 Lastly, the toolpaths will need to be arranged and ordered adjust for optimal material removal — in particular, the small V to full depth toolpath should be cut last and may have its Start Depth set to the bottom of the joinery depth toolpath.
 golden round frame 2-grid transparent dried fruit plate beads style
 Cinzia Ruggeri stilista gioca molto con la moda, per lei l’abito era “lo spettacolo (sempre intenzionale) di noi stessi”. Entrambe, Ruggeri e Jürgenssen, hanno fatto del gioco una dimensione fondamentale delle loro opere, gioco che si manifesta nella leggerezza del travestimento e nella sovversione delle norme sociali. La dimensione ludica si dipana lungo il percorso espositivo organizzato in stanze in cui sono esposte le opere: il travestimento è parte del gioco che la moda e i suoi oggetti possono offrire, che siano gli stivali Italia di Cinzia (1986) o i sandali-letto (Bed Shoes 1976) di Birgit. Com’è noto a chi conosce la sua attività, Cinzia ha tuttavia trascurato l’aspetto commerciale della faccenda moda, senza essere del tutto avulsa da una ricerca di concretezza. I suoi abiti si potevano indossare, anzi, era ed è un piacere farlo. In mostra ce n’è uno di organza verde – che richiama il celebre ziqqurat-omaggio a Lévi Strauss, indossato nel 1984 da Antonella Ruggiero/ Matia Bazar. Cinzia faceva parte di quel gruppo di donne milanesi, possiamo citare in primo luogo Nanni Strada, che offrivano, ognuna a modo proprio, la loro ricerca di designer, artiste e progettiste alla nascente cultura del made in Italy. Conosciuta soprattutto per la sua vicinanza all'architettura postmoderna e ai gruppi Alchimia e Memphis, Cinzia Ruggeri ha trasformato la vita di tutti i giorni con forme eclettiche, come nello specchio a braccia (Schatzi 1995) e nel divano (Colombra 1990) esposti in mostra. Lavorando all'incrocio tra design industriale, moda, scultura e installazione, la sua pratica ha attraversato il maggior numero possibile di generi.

### Task to complete
Ending with the line containing "golden round frame", please print exactly the lines of the material above from its first line onward, and nothing else.

### Reply
 Lastly, the toolpaths will need to be arranged and ordered adjust for optimal material removal — in particular, the small V to full depth toolpath should be cut last and may have its Start Depth set to the bottom of the joinery depth toolpath.
 golden round frame 2-grid transparent dried fruit plate beads style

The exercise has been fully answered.